If we’re keeping Andrew “Problematic” Jackson on the $20, perhaps we could at least point up his horrifying forced marches through Oklahoma by making this the Great Plains note. The list of Midwesterners made good is huge: Frank Lloyd Wright? Georgia O’Keeffe? Andy Warhol? (He was from Pittsburgh, but close enough.) Heck, I’d make a case for Charles M. Schulz, even. Alternatively, if you want to honor Jackson as a son of Tennessee, a certain Memphis performer comes to mind.

The $10, being home to Hamilton, is clearly about economics, so that’s a place for a great American business figure. We would have to make this selection carefully, owing to certain, ah, issues with the likes of Henry Ford and Thomas Watson and John D. Rockefeller. I myself would choose Peter Cooper, a great New Yorker who gave to found a New York institution (among many other things). He would also look fantastic in the engraving, because of that beard of his. But, short memories and Apple fanboys being what they are, I suspect that Silicon Valley will put on a full-court press for Steve Jobs.
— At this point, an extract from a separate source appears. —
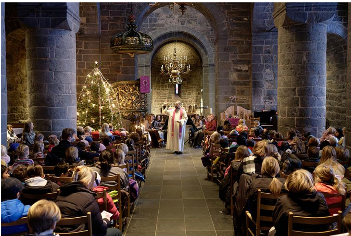
Bilde: fra "Jul i kirken" med Ila skole. Bak soknepresten sitter Ila og Bolteløkka skoles klarinettensamble som også deltok.
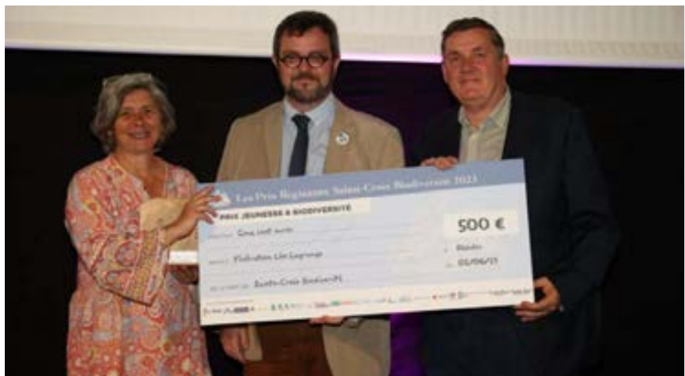
Dans la catégorie jeunesse et biodiversité, le troisième prix a été décerné à la Fédération Léo-Lagrange.

Abraham Lincoln on the $5? We have already devoted the $50 to manumission, so let’s take another angle for this one: Lincoln’s gift with language. That leads us to literary figures. Mark Twain? Willa Cather? Hemingway, Faulkner, Fitzgerald? Or Edith Wharton! Seeing a sly New York novelist on every five-spot would make your morning Starbucks purchase that much more appropriate — especially if you bought it in her house.

The $2 bill, on which Thomas Jefferson appears, doesn’t see much attention, except in one unexpected setting. Since it has no associations, we can treat that as a freeing possibility: Nobody cares who appears on it, so we can put an outlier on the back. Because the stakes are low, we can place a figure whom everyone appreciates but who has no chance of appearing on any bill, ever again. How about a sports star? Especially an African-American one, given Jefferson’s particularly troubling story. Joe Louis, Jackie Robinson, Arthur Ashe … I’ll leave it to WFAN and Deadspin to take great pleasure in arguing out the choice.

And the single? The Treasury says it’s not going to be redesigned, probably because there aren’t many counterfeiters bothering with $1 bills, so that’s that. Just leave it alone, in all its pseudo-Masonic weirdness. And, anyway, we don’t need to; what we need to do is stop printing $1 bills altogether, an argument I have made elsewhere.

Or, alternatively, you could throw all of these folks off the money and do as the Dutch did on arguably the most amazing bill ever circulated. It’s one of the final designs for the 50-guilder note, from the ‘80s, shortly before the euro swept in. Flowers!